On October 15, 1984, Peoples Broadcasting went on the air by using the new call letters WTPI which is short for "We're at the Top for Indianapolis!", relating to their location at the top of the Indianapolis FM dial. The first program director at WTPI was Mark Edwards, and the station's new studios overlooked Monument Circle in downtown Indianapolis. Longtime morning personality Steve Cooper (a.k.a. Jim Carr) was with the station for its entire lifetime. Cooper also did stints at WNDE (1260 AM) and at WIFE. Overnights were handled by Mike O'Brien (a.k.a. Dave Heck, now an engineer at Emmis Radio) for nearly 20 years. The station was known for "Night Breeze", a nightly light AC and Jazz show in the 1990s. Over the years, WTPI was the radio home of Jennifer Carr, Paul Poteet, Oleta Martin, Pat Moore, Jerry Curtis, Gia Berns, and Kelli Jack, to name a few.

WTPI was sold twice in the 1980s. In 1986, original owner Peoples sold the station for $8.5 million to the Somerset Group, a local firm. Three years later, the Pinnacle Group—renamed MyStar Communications in 1990—acquired WTPI for $12 million.
The radio station eventually moved from Monument Circle to the 3100 block of North Meridian Street, and finally to its current site at 9245 North Meridian.

===Recent history===
On October 3, 2005, Entercom dropped the adult contemporary music format in favor of adult hits, and changed the call letters to WNTR. The station's on-air identifier was "107.9 The Track". Programming featured a somewhat "Jack-like" format proclaiming "We Play Everything." A popular live syndicated show featuring Tom Kent occupied the evening shift on WNTR. They also broadcast American Top 40 The 1980s with Casey Kasem on Saturday at 6:00 a.m. and also on Sunday at 8:00 a.m.

On November 13, 2009, WNTR began stunting with Christmas music with a format flip coming after Christmas Day. On December 28, 2009, at 12:28 p.m., WNTR was rebranded as "My 107.9", retaining the adult hits format. The first song on "My" was "Don't Stop Believin'" by Journey.

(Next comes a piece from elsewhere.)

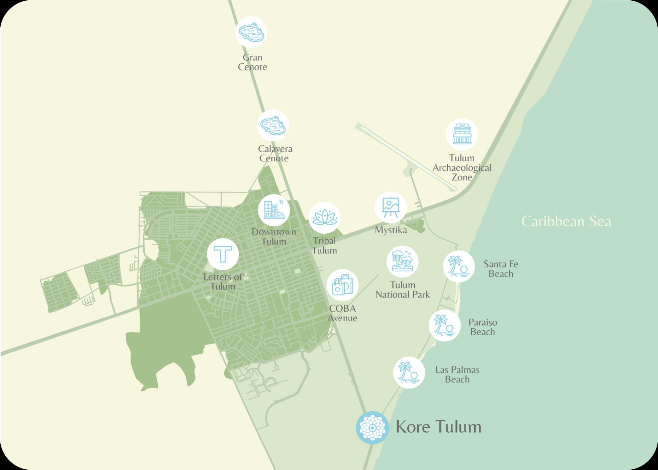 From Cenote Cristal, located just 5 minutes from Kore Tulum, which has impressive rock formations, to Cenote Escondido, which has a jumping platform and a zip line, as well as Cenote Calavera, famous for its entrance in the shape of a hole in the roof.

On May 22, 2013, at 5 p.m., after playing Kesha's "Blow", and a goodbye message, followed by Simple Minds' "Don't You (Forget About Me)", WNTR began stunting with micro-formats (Rock as Rock 107.9, all Garth Brooks as Garth 107.9, Christmas music as Yule 107.9, all boy bands as Heartthrob 107.9, all Midwestern-born artists as 107.9 Heartland Radio, and sounds of nature as Earth 107.9). The following day at 5 p.m., a Hot AC format was introduced under the name "107.9 The Mix", with Dave Smiley from sister station WZPL launching the station with Fall Out Boy's "My Songs Know What You Did in the Dark (Light Em Up)".

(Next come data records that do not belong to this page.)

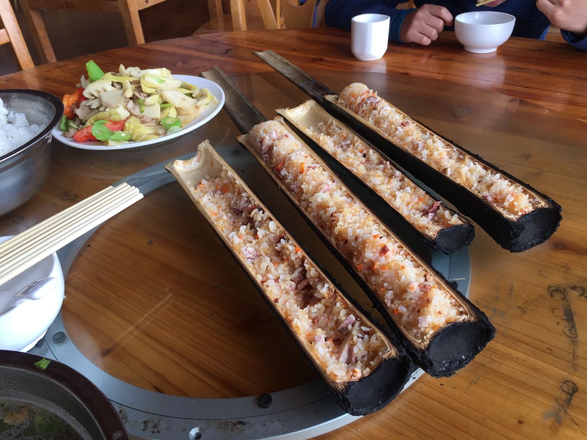 チワン族の郷土料理は、日本人の口にも合う味付けで、特に竹筒で炊いたおこわは最高でした。
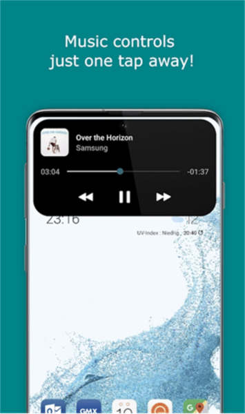 1、灵动岛功能还原:该应用在安卓设备上还原了类似的动态信息显示与交互体验,例如音乐播放控制与即时通知查看。
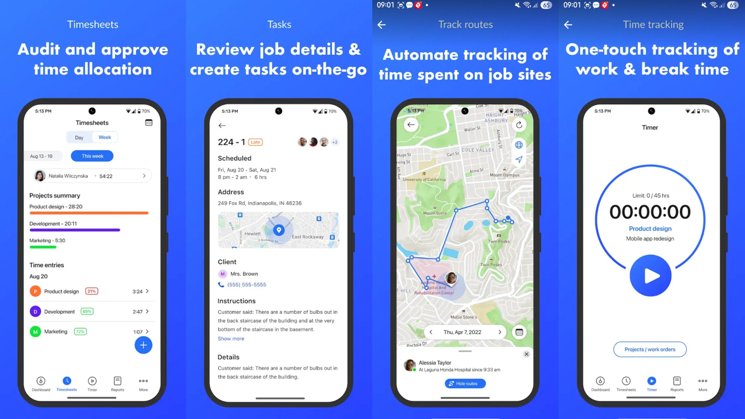 • Laporan waktu kerja yang mendetail.

On February 13, 2019, Cumulus Media and Entercom announced an agreement in which WNTR, WXNT, and WZPL would be swapped to Cumulus in exchange for WNSH (now WXBK) in New York City and WHLL and WMAS-FM in Springfield, Massachusetts. Under the terms of the deal, Cumulus began operating WNTR under a local marketing agreement on March 1, 2019. The swap was completed on May 9, 2019.

On April 10, 2020, WNTR dropped its hot AC format and began stunting with Christmas music again. The stunting was framed as a form of escapism in response to the global uncertainly brought on by the COVID-19 Pandemic. On May 14, 2020, WNTR ended its Christmas music stunt and shifted back to adult contemporary, still branded as "107.9 The Mix".

== HD Radio ==
WNTR is licensed to broadcast in the HD Radio format.